Visual pointing — Responses can include [POINT:x,y:label] so the companion cursor can fly toward a control. The chat message can still carry extra detail (shortcuts, other ways to do the same thing) while the pointer favors the clearest on-screen path.
Guided workflows (V2) — In the normal guide/help flow, Handy can keep guiding you through short multi-step UI tasks instead of stopping after the first point.
Smarter guide grounding (V2) — Uses safer, more semantic on-screen UI labels and narrower capture when it can, so guide flows are more reliable and cheaper.
Voice — Push-to-talk; default Apple speech (on-device when available); optional OpenAI or AssemblyAI for transcription; system or ElevenLabs for speech output. Spoken output stays short; the full write-up lands in chat so you can explore more when you want.
Floating chat — Dark, draggable panel with streaming replies and scrollable history. Hover the status dot next to the Handy title and a little friendly line appears (a rotating phrase—think “office hours” energy).
Floating widget (optional) — Tiny on-screen pill to open chat with one tap; draggable; states line up with the buddy; toggle in Settings → Trigger.
Web search (optional) — When enabled, Claude can search the web, read full pages, and find GitHub repos mid-conversation. Only triggers when the question actually needs it; zero overhead otherwise.
Tutor mode — Optional separate mode that watches when you are idle and can nudge you through an app (uses API tokens).
Multi-monitor — Screenshots all displays and maps coordinates sensibly.

Keyboard shortcuts

Shortcut	Action
`Shift + Space + O`	Open chat
`Control + Z`	Start/stop voice input

You can also open chat from the menu bar hand menu or the floating widget (if enabled in Settings → Trigger). Custom hotkeys are planned for a future version.
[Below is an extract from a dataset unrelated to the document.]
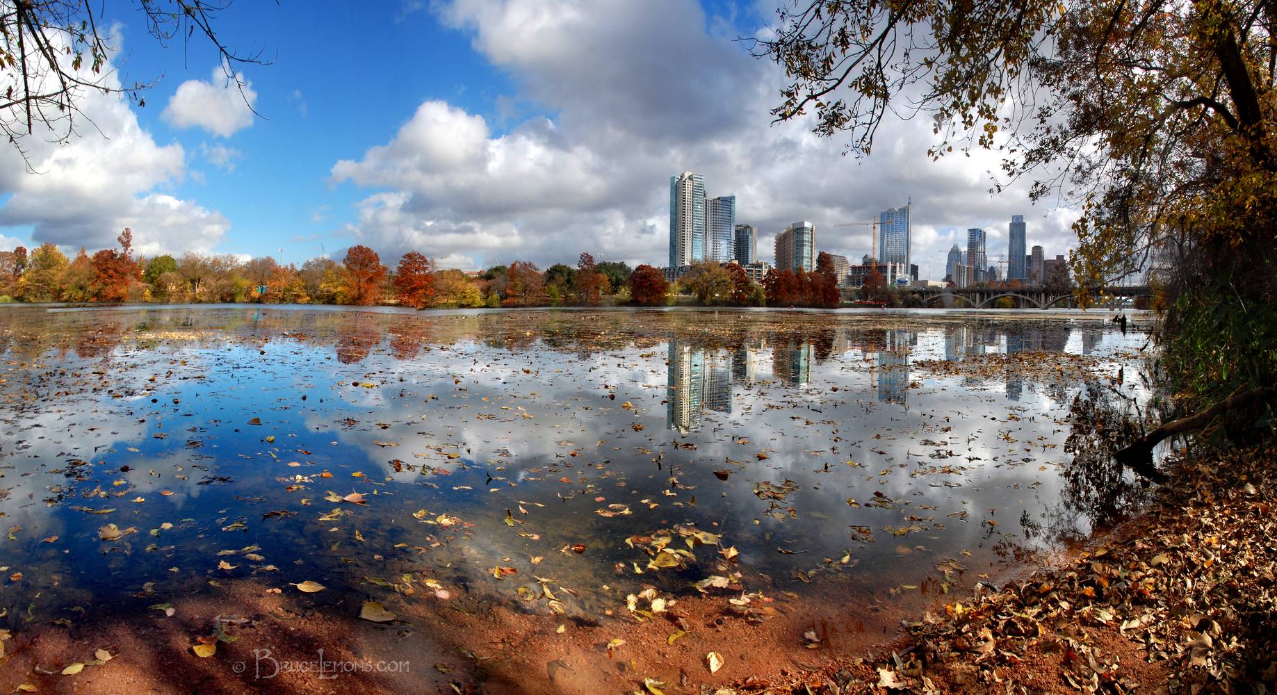Fall Color and the Downtown Skyline over Lady Bird Lake at Auditorium Shores 1 - Austin - Texas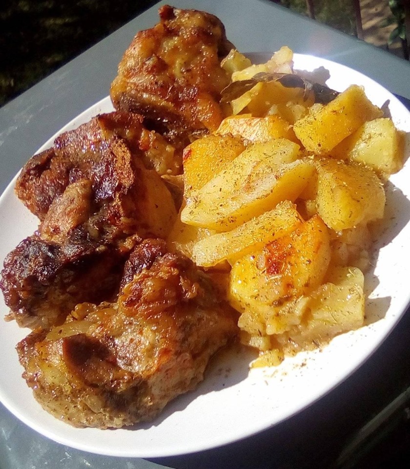Δίπλα στο κρέας τοποθετούμε της πατάτες ρίχνουμε τα μπαχαρικά ανακατεύουμε και ρίχνουμε το λάδι στην συνέχεια ανακατεύουμε και ρίχνουμε το πελτέ και πάλι ανακατεύουμε!

During an active guided workflow

A workflow should keep going on its own after your original question. You should not have to keep re-triggering Handy between steps.

Here is how it behaves:

Action	What happens
Click the highlighted target	Handy moves to the next step
Click into a field and start typing	Handy can preview the next click after a short pause
Wait through a short read/watch/load/generate moment	Handy can preview the next click after a short delay
Press `Control + Z` during a workflow	Handy pauses the workflow and starts listening for a new voice query
Stop voice input with no real query	Handy resumes the paused workflow
Ask a new question instead	Handy cancels the old workflow and switches to the new one

Quick start (non-technical): zip, Cursor, run

Handy is a normal Mac app you build with Xcode. You do not have to be a programmer to try it—if you can install Xcode, use a terminal, and use Cursor (or another AI editor), you can get running with a short checklist.

What you need

A Mac on macOS 14 (Sonoma) or later
Xcode from the Mac App Store (large download). Open it once after install so it can finish installing components.
Enough comfort with Terminal to paste a command when needed
Optional but practical: Cursor so you can open this folder and ask an assistant to help you build and run the app

Easiest path

Download this repository as a zip, unzip it, and open the Handy folder in Cursor (or open that folder in Finder and drag it onto Cursor).
Ask the AI something concrete, for example: “I have Xcode installed. Open Handy.xcodeproj, build the Handy target, and tell me how to run it.” or “Spin up Handy from this repo.” It should point you to Xcode → open the project → ⌘B (Build) and ⌘R (Run).
When Handy launches, macOS may ask for Accessibility, Screen Recording, Microphone, and Speech Recognition—grant what you need for the features you want.
Use the menu bar hand icon → Settings → add your Claude API key (it stays in your Keychain).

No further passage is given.